I applied patches 1-8 (with 9 already in the tree, and also the ldexp
patch to avoid warnings), and tested (piglit) on my Turks:
acosh LLVM ERROR: Cannot select: REGISTER_LOAD
acospi PASS
asinh PASS
asinpi PASS
atanh same failure as acosh
atanpi PASS
atan2pi PASS

I have posted piglits for the 3 functions that were missing the passing
patches LGTM. The failures are caused by log1p, so I guess the rest is
OK as well, but couldn't really test them.
I cannot test doubles.

jan

PS: ldexp fails too, but i guess that is expected without fp64

Hi,

I applied patches 1-8 (with 9 already in the tree, and also the ldexp
patch to avoid warnings), and tested (piglit) on my Turks:
acosh LLVM ERROR: Cannot select: REGISTER_LOAD
acospi PASS
asinh PASS
asinpi PASS
atanh same failure as acosh
atanpi PASS
atan2pi PASS

Hi,

I've committed acospi, asinh, asinpi, and atanpi. The failures for
acosh and atanh look like r600 specific bugs. These both pass on SI+,
so if no one objects I will commit these as well.

-Tom

> Hi,
>
> I applied patches 1-8 (with 9 already in the tree, and also the ldexp
> patch to avoid warnings), and tested (piglit) on my Turks:
> acosh LLVM ERROR: Cannot select: REGISTER_LOAD
> acospi PASS
> asinh PASS
> asinpi PASS
> atanh same failure as acosh
> atanpi PASS
> atan2pi PASS
>

Hi,

I've committed acospi, asinh, asinpi, and atanpi.
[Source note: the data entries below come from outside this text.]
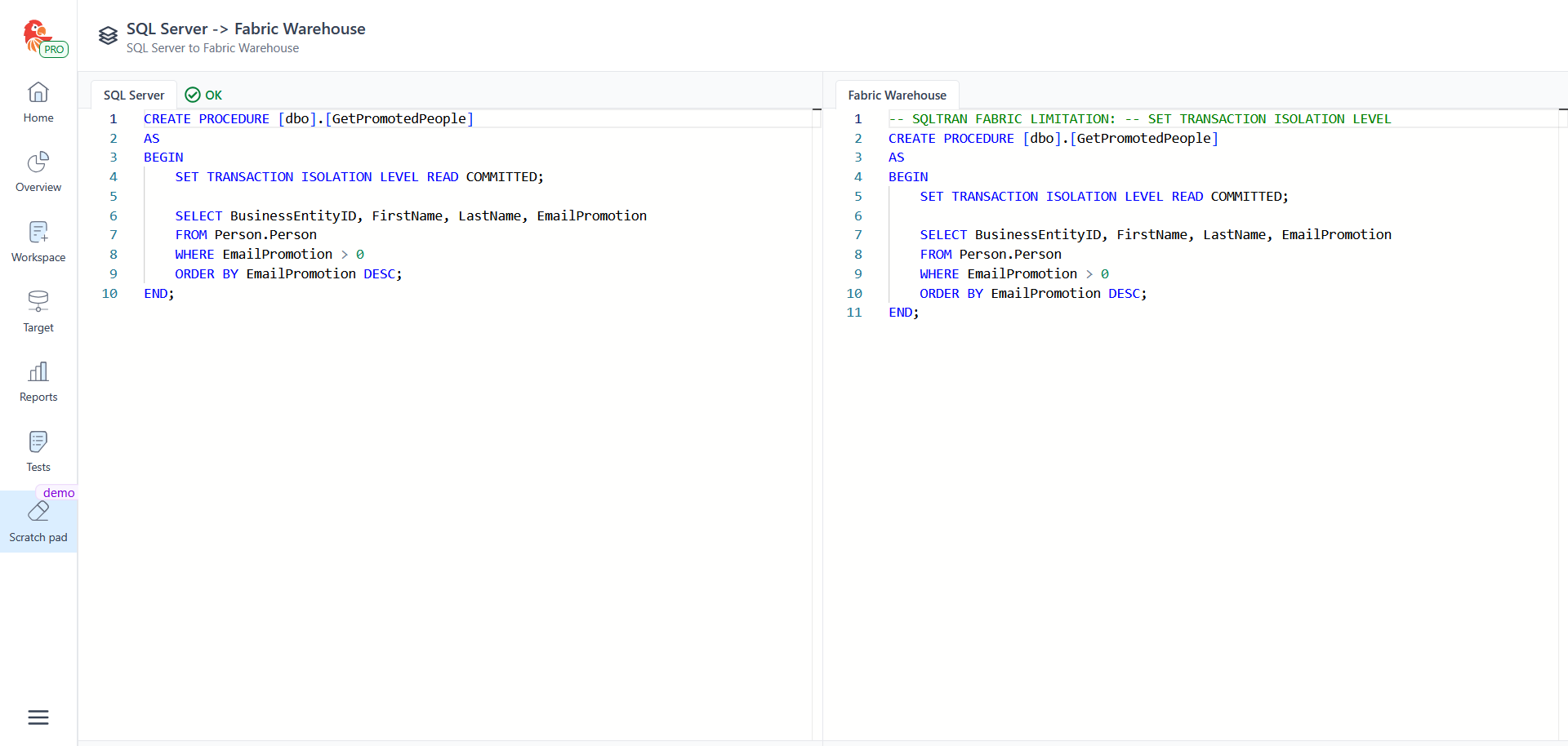 END;Fabric Warehouse (generated by SQL Tran):
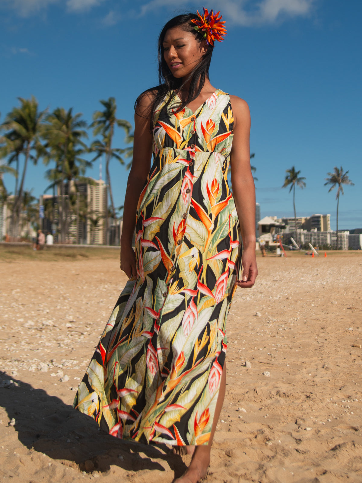 This dress has tank-top sleeves with a V-neck and a button-down front. The front buttons are made from real coconut husks and the waist includes an adjustable tie in the back. Two bottom side slits allow you to move freely while you wear the dress. It also includes two hidden side seam pockets for carrying small items.
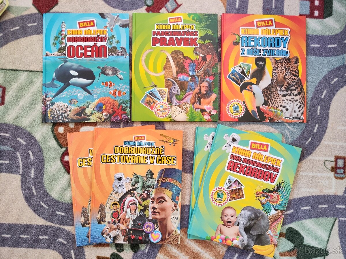 Billa knihy nálepiek, celkovo 7 kusov. Nálepky lepili deti. Knihy máme z druhej ruky, ale ešte určite poslúžia. Hlavne ako prvé encyklopédie pre malých čitateľov. Cena za kus 5€. Pri odbere všetkých cena za celok 30€
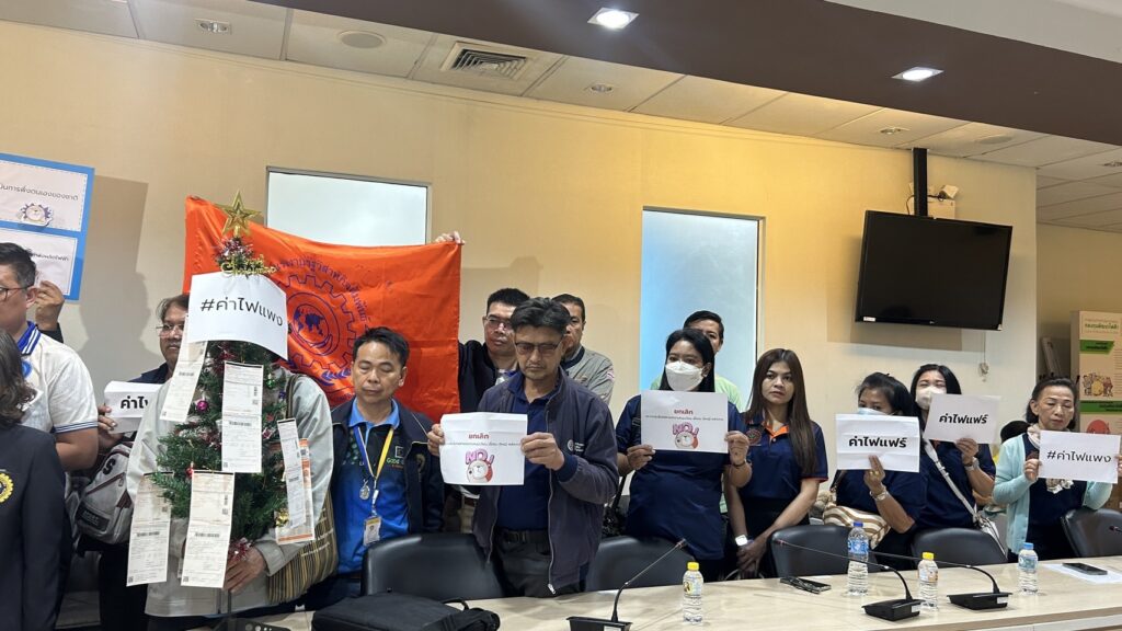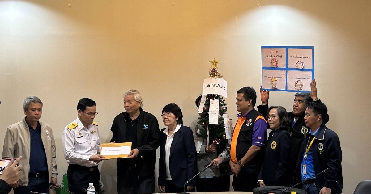 สำนักงาน กกพ. 25 ธ.ค. – สภาองค์กรของผู้บริโภค พร้อมภาคีเครือข่าย บุกสำนักงาน กกพ. เรียกร้องให้ยุติการทำสัญญา และยกเลิกประกาศรายชื่อผู้ผ่านการคัดเลือกในโครงการไฟฟ้าหมุนเวียนเฟส 2 ชี้ทำค่าไฟแพงเกินเหตุ และตลอดอายุสัญญา 25 ปี ประชาชนต้องจ่ายค่าไฟสูงถึง 6.5 หมื่นล้านบาท
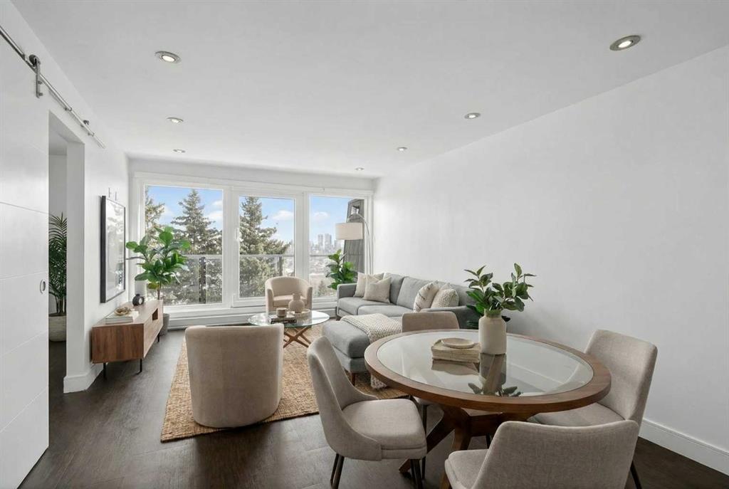 Welcome to Spruce Cliff, one of Calgary’s most scenic and desirable communities. This home truly has it all. FULLY RENOVATED to the highest level, walking in you are greeted with a completely open floor plan with laminate floors that span throughout. Your chef inspired kitchen offers quartz counter tops, high end stainless steep appliances, gorgeous cabinetry and drawers as well as a ton of lighting. Your living room is very large and flows from your kitchen and out to your east facing balcony with AMAZING DOWNTOWN VIEW and the quiet tranquilness of backing on to EDWORTHY PARK with nature at your back door. The primary bedroom is huge and give you space for a king size bed along with additional bedroom furniture. The second bedroom is also a great size and is just adjacent to your spa style renovated bathroom. This unit boasts IN-UNIT FULL SIZE LAUNDRY which is rare for the complex as well as an assigned parking stall and indoor storage locker. If you want to wake up to morning coffee on your balcony with the birds and the deer or have a glass of wine with expansive night time city views, this unit is for you. Take a walk from your back door all right to the pathways through the park and down to the river. Do not miss this chance to make it yours!
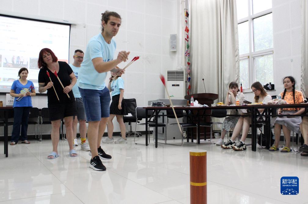 參加夏令營的來華學生在天津理工大學體驗投壺游戲(7月21日攝)。
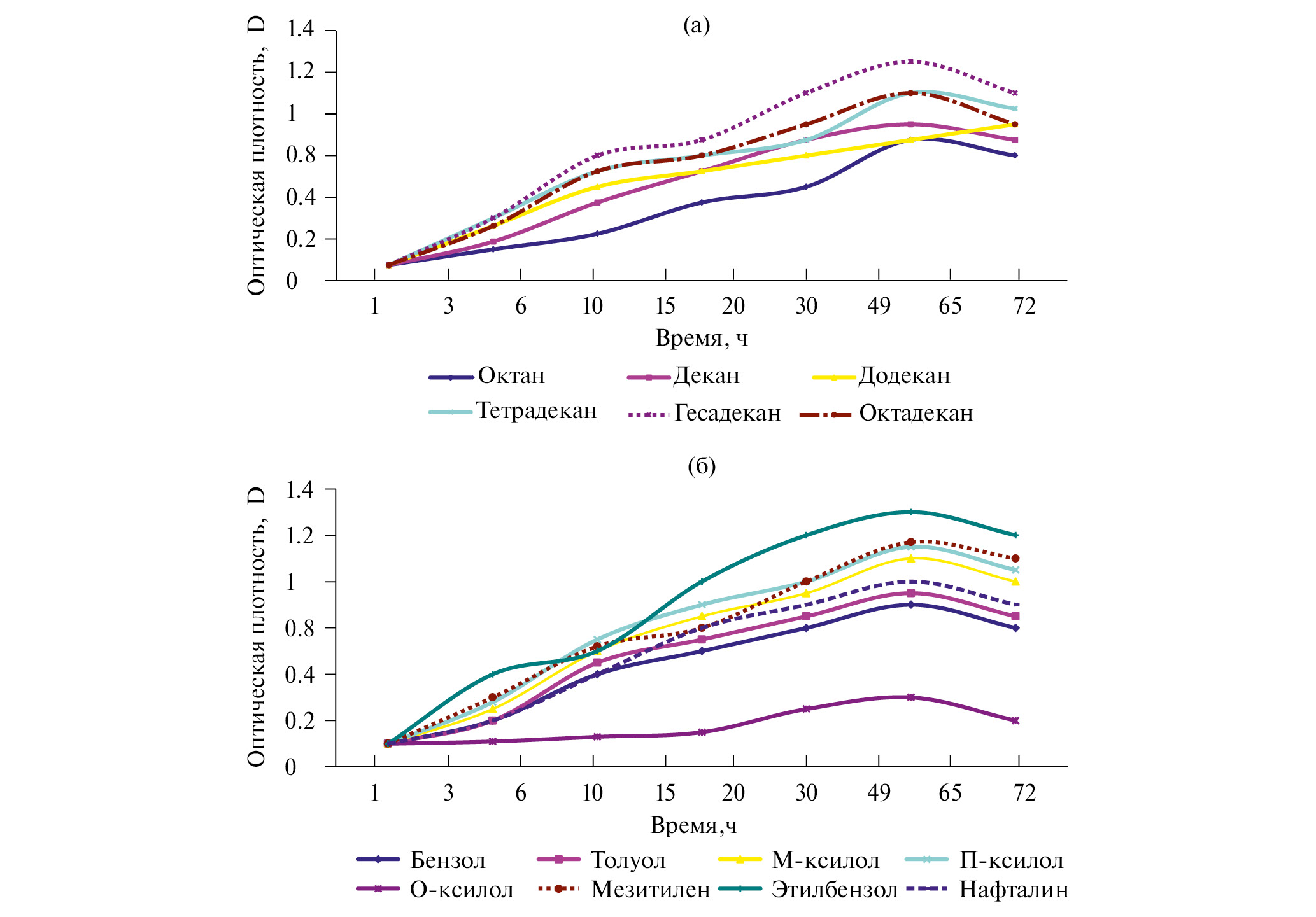Показано (рис. 3б), что все испытанные индивидуальные ароматические углеводороды потреблялись активной культурой, за исключением о-ксилола, т. е. интенсивность использования углеводородов зависела от структуры ароматического субстрата. Однозамещенные бензольного ядра – бензол и толуол использовались слабее, чем двухзамещенные бензола – мета- и пара-ксилолы, мезитилен, этилбензол.

atan2pi is also OK on r600

The failures for
acosh and atanh look like r600 specific bugs. These both pass on SI+,
so if no one objects I will commit these as well.

I have verified that the failures are caused by USE_TABLE in log1p
function, which is a known limitation for r600.
Strangely enough, using 1.0f instead of table values made piglit pass
(acosh, atanh, log1p) on r600, I guess the tests should be improved.

jan